In the digital world, ensuring data integrity and security is paramount, and one of the key tools used to achieve this is hashing. A hash function takes an input, such as a message or file, and returns a fixed-size string of bytes, typically a digest that appears random. This output, or hash value, is unique to each unique input, making it a fundamental building block in various areas of computer science, including data security, blockchain technology, and password storage.

I will explore how to create a hash using Python, walking through the process step by step. Whether you are looking to understand the basics of cryptography or simply want to learn how to secure data in your Python applications, this guide will provide a clear and practical introduction. By the end, you will have a solid grasp of how hashing works and how you can implement it in your projects a popular Python library.

You can find a version of the code used on GitHub.

The Hash

A hash refers to a mathematical function that takes some type of information as input and returns an encrypted output with a fixed length. This output, or hash, is unique to the information used as the input. You can think of it as being like a fingerprint.

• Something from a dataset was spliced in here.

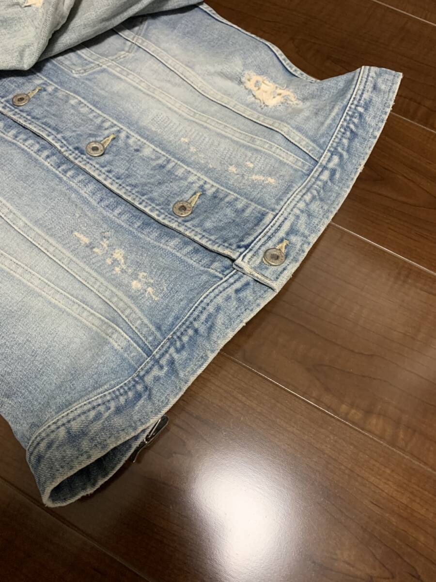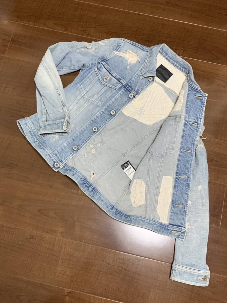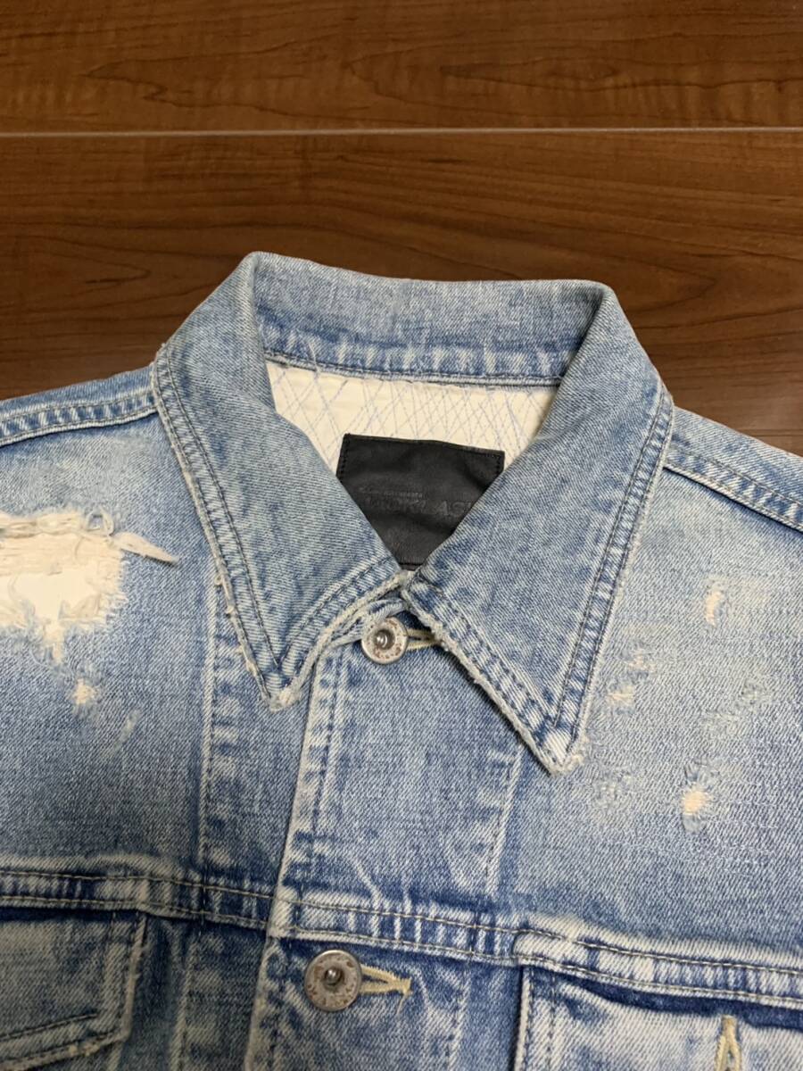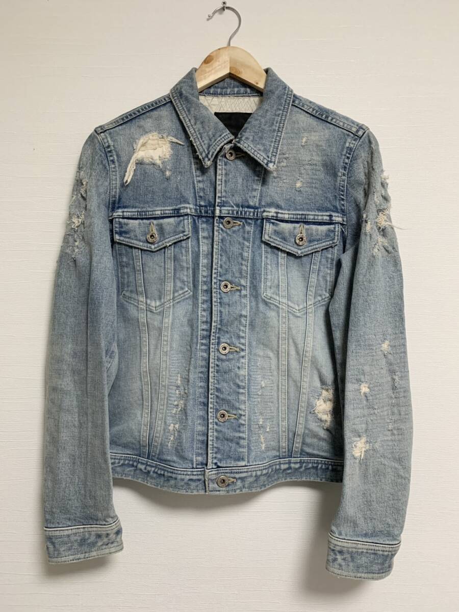 美品☆[BACKLASH] 定価52,800 B'2nd別注 ダメージ加工 レザーベルト ストレッチ インディゴデニムジャケット S B1483-GJKT バックラッシュ

SHA256 is a popular cryptographic hash algorithm that produces a 256-bit hash value. It is commonly used to check the integrity of files and verify the authenticity of files or data. It is also widely used in the cryptocurrency world to secure transactions on the blockchain. In this post, we’ll look at how to generate and use SHA256 hashes in Python.

What is a SHA256 Hash?

A SHA256 hash is a cryptographic hash algorithm that takes an input of any length and produces a fixed-size 256-bit (32-byte) hash value. The output is known as a hash digest and is used as a one-way function to verify the integrity of a file.

The SHA256 algorithm is designed to be collision-resistant, meaning it is very difficult to find two different inputs that will produce the same output. This makes it useful for verifying the authenticity of a file or data.

Generating a SHA256 Hash in Python

Python makes it simple to generate a SHA256 hash. The hashlib package, which is included in the Anaconda distribution of Python, and perhaps most others, provides several hashing algorithms including SHA256.

To generate a SHA256 hash, we can use the hashlib.sha256() function. This function takes a string as an argument and returns the SHA256 hash of the input string.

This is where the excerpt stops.